[Data extracts]:

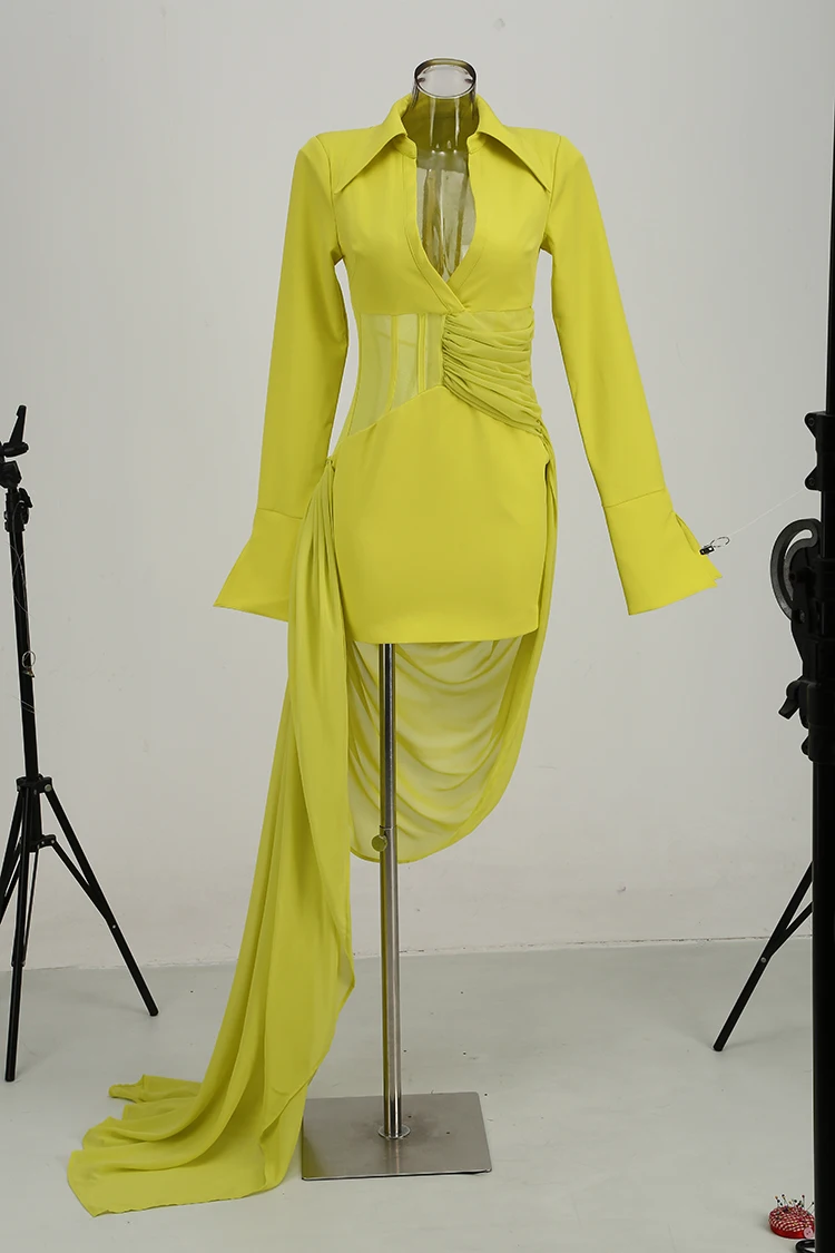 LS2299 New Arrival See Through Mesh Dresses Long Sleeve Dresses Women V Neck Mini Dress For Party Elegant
==
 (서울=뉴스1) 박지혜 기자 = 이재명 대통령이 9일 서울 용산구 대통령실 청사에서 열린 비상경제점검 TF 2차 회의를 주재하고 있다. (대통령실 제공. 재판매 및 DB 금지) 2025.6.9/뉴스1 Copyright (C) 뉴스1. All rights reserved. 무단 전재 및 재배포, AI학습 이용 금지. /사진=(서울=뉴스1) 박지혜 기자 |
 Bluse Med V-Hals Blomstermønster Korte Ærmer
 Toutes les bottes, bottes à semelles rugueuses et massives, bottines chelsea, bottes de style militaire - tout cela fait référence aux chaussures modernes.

[Prompt]:
Would you please copy, word for word, everything above from the line containing "Bluse Med V-Hals Blomstermønster Korte Ærmer" down to the line containing "Toutes les bottes, bottes", those two lines included?

[Response below]:
 Bluse Med V-Hals Blomstermønster Korte Ærmer
 Toutes les bottes, bottes à semelles rugueuses et massives, bottines chelsea, bottes de style militaire - tout cela fait référence aux chaussures modernes.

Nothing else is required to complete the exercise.